Der Peter-Henlein-Preis setzt noch früher an. Er sucht Ideen, die möglicherweise noch nicht marktreif, finanziert oder für eine klassische Wirtschaftsförderung vorbereitet sind. Gerade in Betrieben, Werkstätten, Bildungseinrichtungen oder bei einzelnen Tüftlerinnen und Tüftlern können Lösungen entstehen, deren Potenzial bislang noch niemand systematisch erkannt hat.
Als Bürgermeister eines traditionsreichen und zugleich zukunftsorientierten Industriestandorts bringt Thomas Lang deshalb eine wertvolle Perspektive in die Jury ein.

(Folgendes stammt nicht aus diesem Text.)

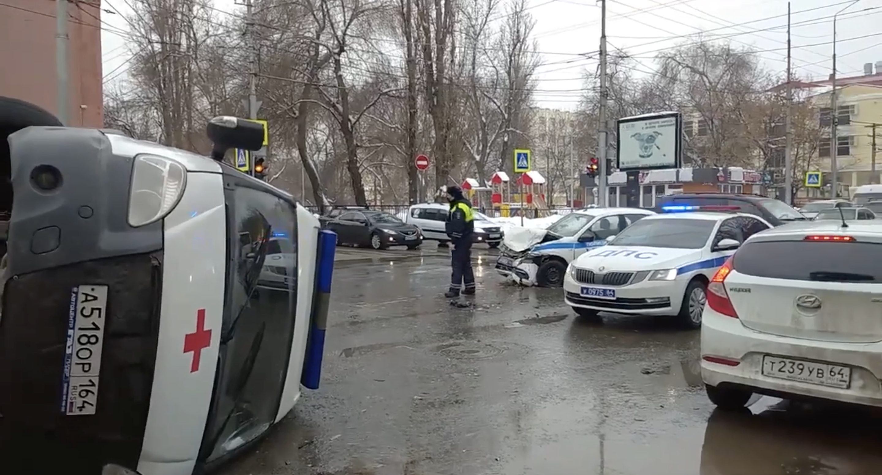 В Саратове машина скорой помощи перевернулась после столкновения с полицейскими; пациент умер
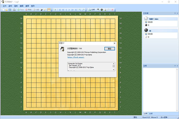 4、支持多种棋盘大小(9路至19路),可设置引擎强度、让子、贴目等,并可保存为自己的默认设置。
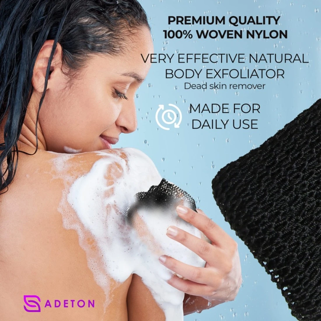 Adeton African Net Sponge Authentic Real Black Owned Exfoliating Bath Wash Cloth Long Sponge Body Exfoliator Sapo Shower Bath Accessories Back Foot Scalp Scrub Flat Dead Skin Remover Black
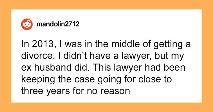 “I was honestly just so fed up with that lawyer. I had been ready to be divorced for a very long time and they were making it impossible to get done,” redditor u/mandolin2712 revealed to Bored Panda.
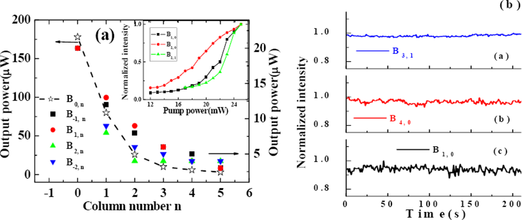 3.5. Spatial Profile and Power Stability of Multicolored Sidebands
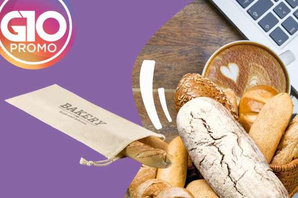Sacola para Pães Personalizada, sacola para pão 100% algodão (100 g/m²) com cordão para fechar. 220 x 560 mm. Gravação em silk 1 cor já incluso.

Er kennt sowohl die Anforderungen der Unternehmen als auch die Bedeutung kommunaler Netzwerke, kurzer Wege und verlässlicher Ansprechpartner.
„Franken braucht keine einzelne Innovationsmetropole. Unsere Stärke liegt in einem Netz spezialisierter Standorte, Betriebe und Menschen. Lauf ist dafür ein hervorragendes Beispiel“, erklärt Roland Weiniger. „Mit Thomas Lang gewinnt die Jury einen kommunalpolitischen Praktiker, der weiß, wie eng wirtschaftliche Entwicklung, Fachkräfte, Bildung und technischer Fortschritt miteinander verbunden sind.“
Der Peter-Henlein-Preis beschäftigt sich mit frühem Erfindergeist, Innovation und neuen Technologien aus Franken.